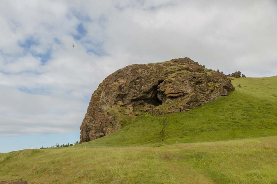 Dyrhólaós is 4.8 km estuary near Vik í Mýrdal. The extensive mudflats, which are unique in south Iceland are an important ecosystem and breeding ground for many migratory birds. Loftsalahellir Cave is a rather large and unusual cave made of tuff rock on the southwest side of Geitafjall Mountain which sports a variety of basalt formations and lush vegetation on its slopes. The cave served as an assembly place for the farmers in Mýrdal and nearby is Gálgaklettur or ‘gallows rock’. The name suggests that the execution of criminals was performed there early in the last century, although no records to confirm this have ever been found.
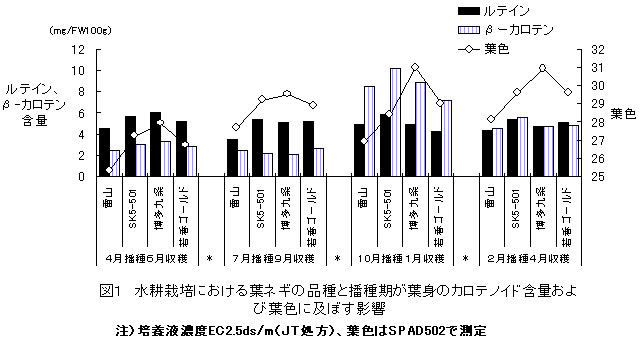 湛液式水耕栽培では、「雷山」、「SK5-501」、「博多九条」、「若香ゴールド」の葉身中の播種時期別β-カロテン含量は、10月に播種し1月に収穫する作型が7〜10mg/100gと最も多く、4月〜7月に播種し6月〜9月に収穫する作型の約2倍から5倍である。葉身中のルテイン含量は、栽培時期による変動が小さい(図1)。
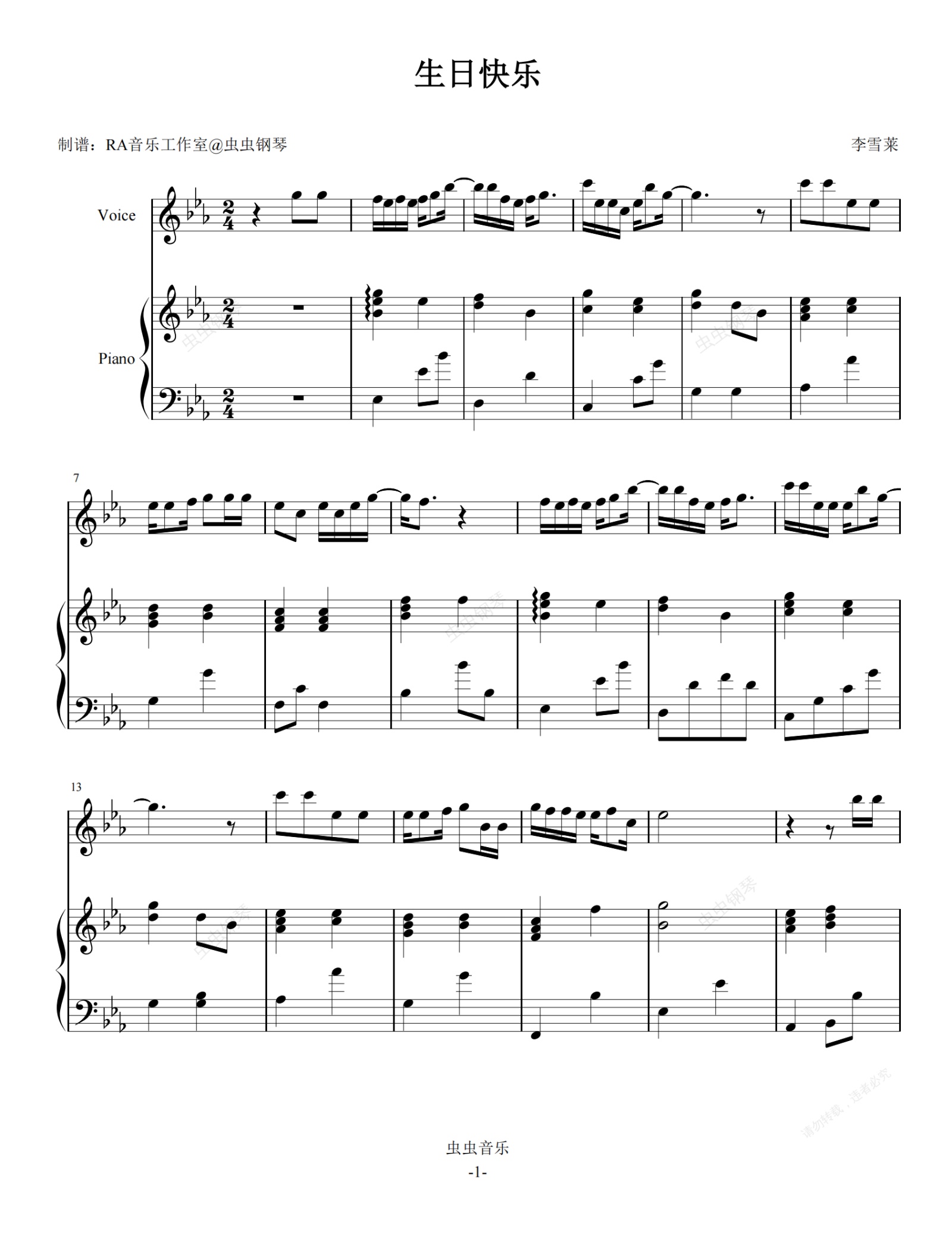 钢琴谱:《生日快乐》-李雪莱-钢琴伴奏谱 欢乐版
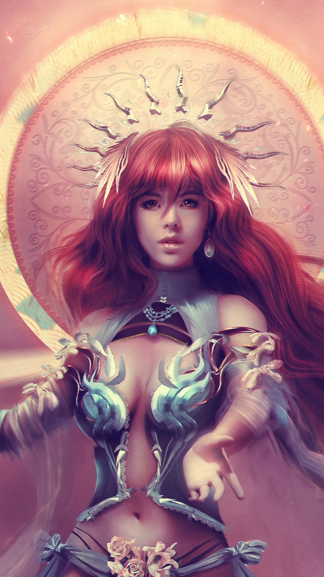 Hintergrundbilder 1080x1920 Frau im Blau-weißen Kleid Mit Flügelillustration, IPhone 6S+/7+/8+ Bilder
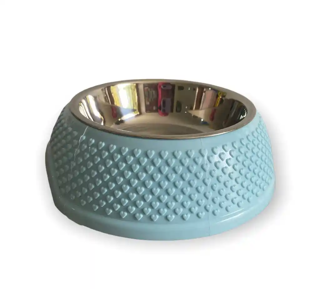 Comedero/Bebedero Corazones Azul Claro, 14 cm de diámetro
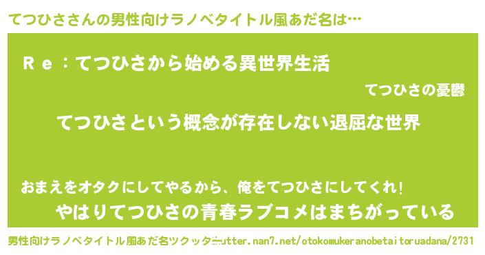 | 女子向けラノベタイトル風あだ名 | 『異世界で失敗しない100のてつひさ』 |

--

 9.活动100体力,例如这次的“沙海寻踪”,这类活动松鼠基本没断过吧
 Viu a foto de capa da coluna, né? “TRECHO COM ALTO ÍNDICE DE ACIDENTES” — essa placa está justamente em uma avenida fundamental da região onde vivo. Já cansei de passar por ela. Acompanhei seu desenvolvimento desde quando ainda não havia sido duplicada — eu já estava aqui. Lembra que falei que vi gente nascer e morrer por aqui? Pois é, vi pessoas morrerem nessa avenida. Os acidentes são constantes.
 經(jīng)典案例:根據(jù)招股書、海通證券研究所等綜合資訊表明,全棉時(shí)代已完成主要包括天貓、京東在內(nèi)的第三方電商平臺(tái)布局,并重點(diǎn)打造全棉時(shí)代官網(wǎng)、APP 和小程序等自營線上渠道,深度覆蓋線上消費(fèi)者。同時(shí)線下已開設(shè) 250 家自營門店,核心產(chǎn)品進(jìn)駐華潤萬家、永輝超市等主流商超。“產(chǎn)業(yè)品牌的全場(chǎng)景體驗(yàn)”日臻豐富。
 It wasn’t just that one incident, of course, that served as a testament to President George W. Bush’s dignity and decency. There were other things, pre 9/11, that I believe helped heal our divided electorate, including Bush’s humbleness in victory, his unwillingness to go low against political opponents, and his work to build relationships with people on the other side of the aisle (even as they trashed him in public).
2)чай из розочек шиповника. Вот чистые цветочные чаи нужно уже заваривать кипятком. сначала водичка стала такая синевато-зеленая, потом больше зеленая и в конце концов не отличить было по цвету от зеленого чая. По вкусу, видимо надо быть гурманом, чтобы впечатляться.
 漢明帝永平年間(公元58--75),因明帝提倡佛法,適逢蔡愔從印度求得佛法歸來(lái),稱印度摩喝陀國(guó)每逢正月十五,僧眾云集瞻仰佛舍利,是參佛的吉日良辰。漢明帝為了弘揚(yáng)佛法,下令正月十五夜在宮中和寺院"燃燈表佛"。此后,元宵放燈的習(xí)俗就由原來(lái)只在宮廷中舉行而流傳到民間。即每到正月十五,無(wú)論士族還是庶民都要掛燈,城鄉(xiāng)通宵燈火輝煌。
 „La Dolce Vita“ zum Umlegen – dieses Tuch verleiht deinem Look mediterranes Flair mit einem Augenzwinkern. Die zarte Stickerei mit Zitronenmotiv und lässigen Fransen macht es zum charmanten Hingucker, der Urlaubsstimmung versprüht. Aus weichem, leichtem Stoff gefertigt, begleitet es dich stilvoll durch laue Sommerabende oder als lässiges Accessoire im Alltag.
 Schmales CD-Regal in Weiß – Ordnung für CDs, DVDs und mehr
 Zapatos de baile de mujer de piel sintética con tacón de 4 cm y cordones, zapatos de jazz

--

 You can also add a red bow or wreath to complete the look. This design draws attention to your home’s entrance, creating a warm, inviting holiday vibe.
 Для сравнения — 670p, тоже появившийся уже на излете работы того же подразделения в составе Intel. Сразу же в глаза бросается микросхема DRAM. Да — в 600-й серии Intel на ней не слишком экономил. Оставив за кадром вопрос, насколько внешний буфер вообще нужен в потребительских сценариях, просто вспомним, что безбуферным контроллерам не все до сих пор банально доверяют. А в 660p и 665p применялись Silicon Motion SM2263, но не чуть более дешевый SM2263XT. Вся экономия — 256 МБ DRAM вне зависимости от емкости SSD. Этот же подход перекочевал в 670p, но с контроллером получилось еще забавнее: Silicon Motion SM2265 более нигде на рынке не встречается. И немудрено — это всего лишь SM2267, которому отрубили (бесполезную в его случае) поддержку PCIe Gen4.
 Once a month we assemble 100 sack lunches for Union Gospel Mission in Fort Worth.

◆ EXERCISE DIRECTIONS:
Within the listing above, find the line containing "湛液式水耕栽培では、「雷山」" and the line containing "女子向けラノベタイトル風あだ名 | 『異世界で失敗しない100のてつひさ』 |". Transcribe them and everything between them exactly, leaving out the pictures.

◆ RESPONSE:
 湛液式水耕栽培では、「雷山」、「SK5-501」、「博多九条」、「若香ゴールド」の葉身中の播種時期別β-カロテン含量は、10月に播種し1月に収穫する作型が7〜10mg/100gと最も多く、4月〜7月に播種し6月〜9月に収穫する作型の約2倍から5倍である。葉身中のルテイン含量は、栽培時期による変動が小さい(図1)。
 钢琴谱:《生日快乐》-李雪莱-钢琴伴奏谱 欢乐版
 Hintergrundbilder 1080x1920 Frau im Blau-weißen Kleid Mit Flügelillustration, IPhone 6S+/7+/8+ Bilder
 Comedero/Bebedero Corazones Azul Claro, 14 cm de diámetro
 | 女子向けラノベタイトル風あだ名 | 『異世界で失敗しない100のてつひさ』 |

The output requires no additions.